Responding to Stephen Walt's hypothetical (What if Gaza were full of jews?), Megan McArdle compares the Israel lobby to the Irish-American lobby. Ross Douthat says, OK, but the IRA was still considered a terrorist organisation. Daniel Larison dives into the weeds of US attitudes towards Irish terrorism. He writes:
The IRA was a genuine terrorist group, but it was listed as such by our
government most of all because it was a sworn enemy of one of our
closest allies. The record seems clear: terrorist groups that are
useful to us or harmful to states we officially oppose are given a
pass, while those that target us or our allies are condemned in the
strongest terms. That's the nature of things in the real world, I
suppose, but it is something that none of the reponses to the
counterfactual seems to be taking into account. Had things gone very
differently in the last century and London and Washington became
enemies once more, it is very easy to imagine that the IRA or similar
groups would have been made into anti-British proxies of the U.S.
government.
True enough. And of course the State Department did have the IRA on its list of terrorist groups. Nonetheless, the State Department is not quite the same as the US government. And in the 1990s there's no denying that Washington generally shared the (Irish) Republican analysis of the state of play in Ulster. Indeed the Clinton administration viewed itself as a kind of backstop looking after Sinn Fein's interetss and point of view. Crucially, that's how the Republican movement saw the Americans too. They were there to provide support and ballast for the nationalist viewpoint, countering the presumed pro-Unionist bias of the British. That is to say, Dublin and Washington would, together, counter the Brits in Belfast and London. It's peace, of a sort, but it's not a result that was supposed to happen. Nor is it one that many people would have found acceptable back in, say, 1994.
Sure, Clinton made plenty of phone calls and a visit or two. But when push came to shove he refused to put additional pressure on Sinn Fein and the IRA. Consequently the Good Friday Agreement was signed despite there being a crippling ambiguity on the question of decommissioning terrorist arms. The failure to resolve that problem would cripple the peae "settlement" for years, helping to hollow-out the centre of Northern Irish politics, leading us to the present happy state of play: government by bigots and murderers.
This wasn't, obviously, all Clinton's fault. Nontheless one reason Tony Blair lost faith in the american president was Clinton's habit of promising to lean on the Republican movement and then signally failing to follow his promises with, like, actual action. The State Department may have been hostile to the IRA -it opposed giving Gerry Adams visas to enter the US - but the rest of the US government, including the likes of Tony Lake at the National Security Council was entirely sympathetic to the "cause" of Irish Republicanism.
Daniel says:
Were it not for our very close postwar relations with London, it is
hard to imagine that modern U.S. policy would have been all that
different from the tolerance for Stateside Fenian and IRB organizers in
the late 19th and early 20th centuries and the rapturous welcome
accorded to the republican extremist De Valera when he visited the
United States. Popular opinion in the U.S. was very much behind the
Irish nationalist cause and it spread far beyond the Irish immigrant
community. For a country nursed on Anglophobia, Irish republicanism
appeared as a sister movement to our own fight for independence.

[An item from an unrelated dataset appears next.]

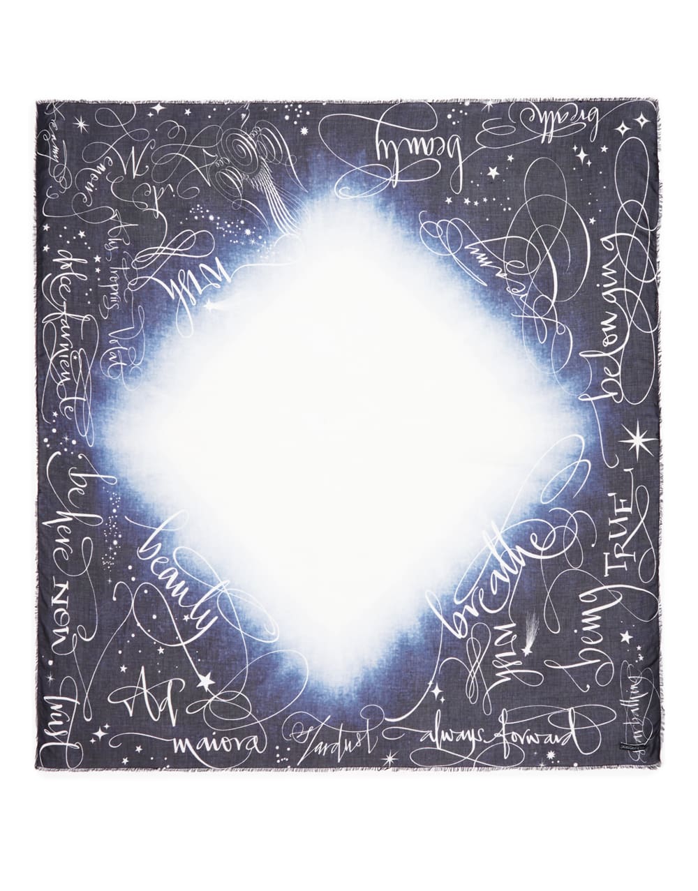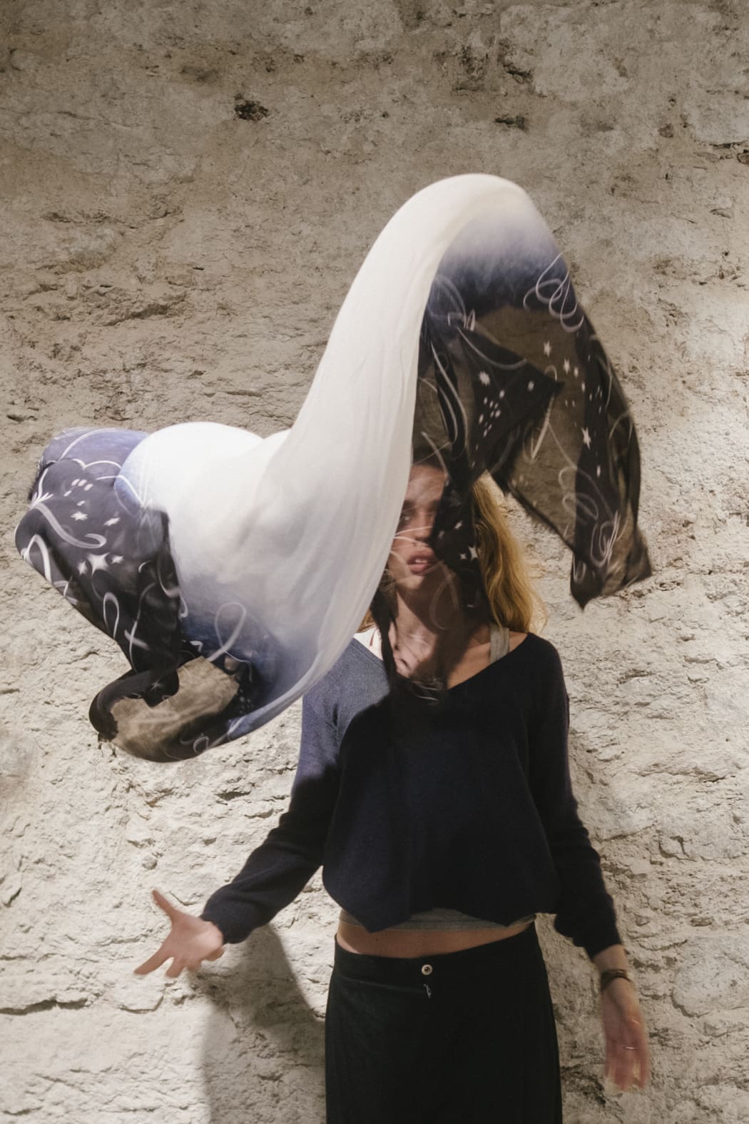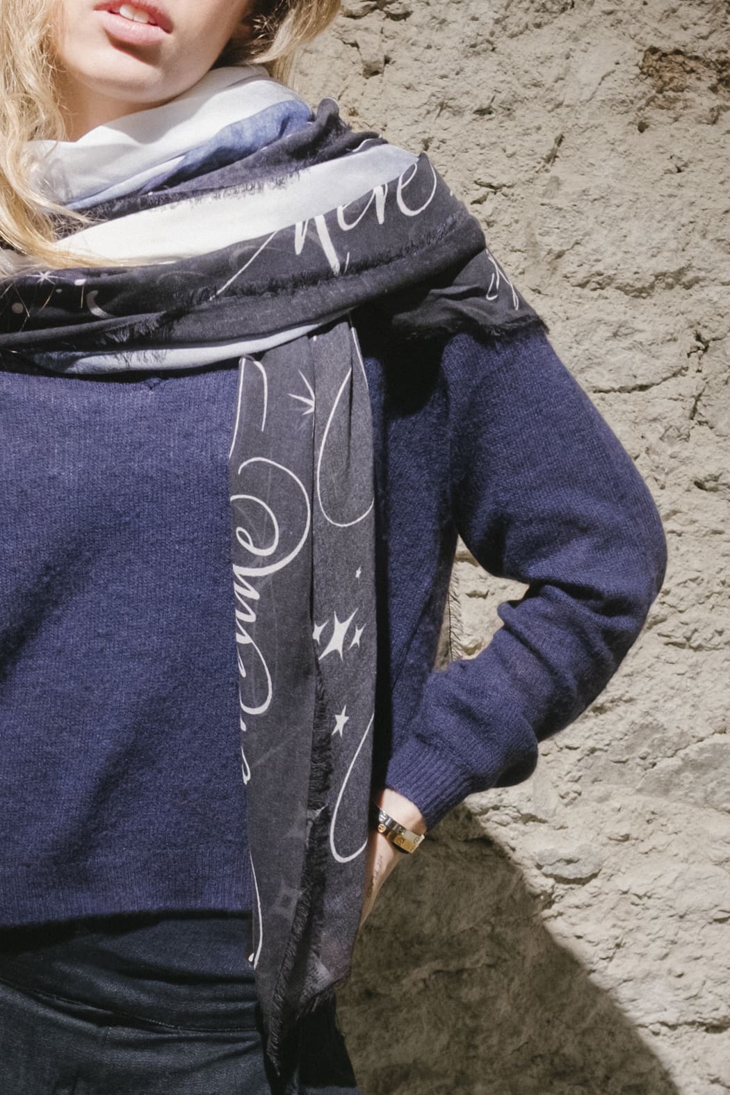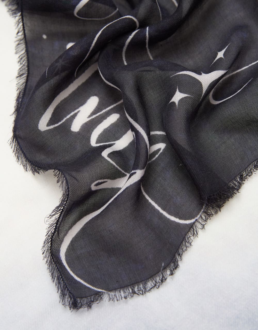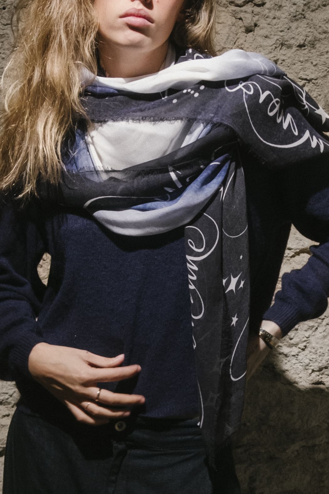 La estola Illumina nace de la colaboración con Betty Soldi, estudio de diseño visual y visionario que trabaja con palabras, flores e imágenes. Inspirada en el pensamiento creativo renacentista, la pieza presenta dibujos caligráficos artísticos que evocan poesía y profundidad de significado.
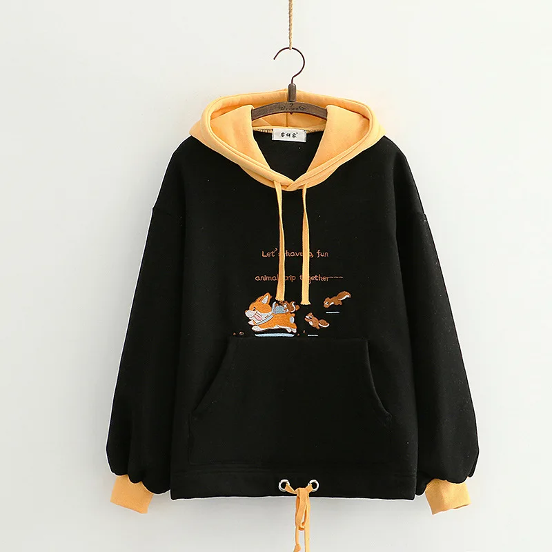 Женский свитшот корейский колледж с буквами животных с вышивкой плюшевая Толстовка Зимняя Толстовка свитшоты винтажные Bts розовые толстовки

True enough. However, as I say, I think that there was, despite all the public pronouncements to the contrary, a kind of sotto voce enthusiasm for the IRA and its aims if not always its methods!) that persisted, despite the powerful inducements to give the British the benefit of the doubt. On the other hand, it's probably not entirely coincidental that Washington became more interested in the Irish problem once a) a Democrat was back in the White House and b) the Cold War had ended, lessening British influence in Washington and the importance of assuaging British concerns. (Also, of course, Reagan was not likely to look too favourably upon the people who tried to murder his great friend Margaret.) Still, when the "peace process" got underway it didn't come as much surprise to discover that the US was in the green corner. No suprise there and it might be, too, that this was necessary. But let's not pretend that Washington was a neutral player.